Michael is a financial planner and has a master's degree in financial services.

This lesson will define a rollover IRA, or an individual retirement account. This lesson will also explain the rules associated with a rollover IRA and a sample will be given.

Rollover IRA

Have you ever seen commercials for a rollover IRA? Perhaps you've heard friends or family members talk about moving their traditional 401(k) plan once they retire or stop working for their current employer. A rollover IRA is a transfer of monies from a retirement plan to a traditional IRA or a Roth IRA. The transfer is typically called a rollover, and can either be via a direct rollover or an indirect rollover. These terms will be explored in more detail in this lesson.

The Rules of Rollovers

Have you left your job and wondered what happened to your 401(k) or 403(b)? It's still there. The account value may have changed, but you have options. One of those options is to move your retirement plan to an IRA. For purposes of this lesson, there are two types of IRAs that accept the funds that were in the retirement plan. One is a traditional IRA rollover, the other is a Roth IRA rollover.

Traditional 401(k) and 403(b) plans are similar to a traditional IRA in that the employee has not yet paid income taxes on the contribution. Upon distribution, however, income taxes will be owed. Employees typically choose to move traditional 401(k) and 403(b) plans to rollover traditional IRAs. This maintains the tax status.

A Roth 401(k), however, is similar to a Roth IRA in that the employee has already paid income taxes on the contribution. Upon distribution, if certain guidelines are met, the distribution can be completed tax-free. Employees with Roth 401(k) plans can choose to move their assets to a rollover Roth IRA. Again, this maintains the tax status.

Traditional 401(k) and 403(b) rollovers to Roth IRAs may be permissible, but the amount moved or converted from the traditional to the Roth will be taxable in the tax year of the conversion. Now that you understand the differences in a traditional IRA rollover and a Roth IRA rollover, how do you actually complete the transaction?

As mentioned, there are two types of rollovers: direct and indirect. A direct rollover is when the delivering or existing custodian of the money writes the check directly to the new custodian. When this is done, there is no mandatory tax withholding, as the tax status of the assets is maintained.

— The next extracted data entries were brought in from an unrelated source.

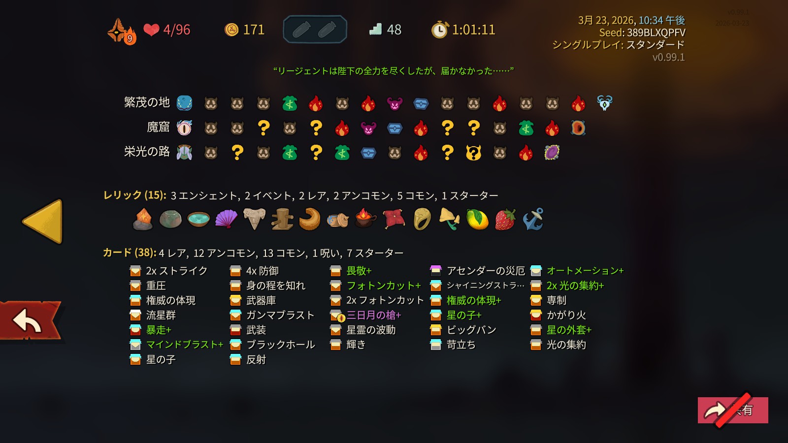 | … | 37426/03/24(火)12:24:23No.1413767412+加速引けねえなーってデッキ引いてるだけでプラズマ解放してエナジー回復したりするのいいよね |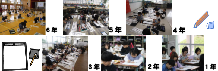 1月7日に校内書き初め会を行いました。1年生と2年生は硬筆、3年生以上は毛筆に取り組みました。
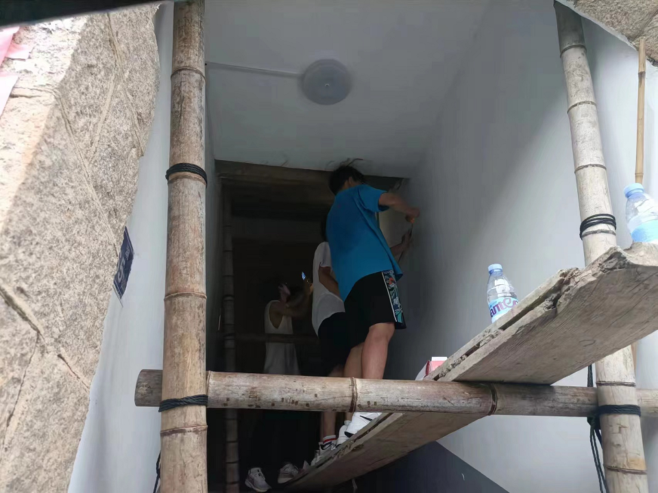 绘制期间,不仅仅是绘画组队员们忙碌,其余队员们也各司其职,发挥特长。扛起相机拍摄绘制过程、乡村风景;走进村子开展街头采访,了解更多文化背景和村民感受;为村子进行景观设计,赋予新功能。同时进行视频剪辑为团队进行宣传。

An indirect rollover is when the delivering or existing custodian writes the check directly to the individual, who subsequently deposits the check in the account with the new custodian. When this is done, there is a mandatory 20% federal tax withholding, and state tax withholding if required by the state of residence. If the indirect rollover is completed within 60 days, the individual must deposit the entire distribution, including the federal tax withholding, to maintain the tax status. If not done within 60 days, the rollover cannot be completed. It's extremely imperative to deposit the check to the account with the new custodian within 60 days, as IRS guidelines are strict. IRS guidelines state that you cannot make more than one rollover from the same IRA within a one-year period.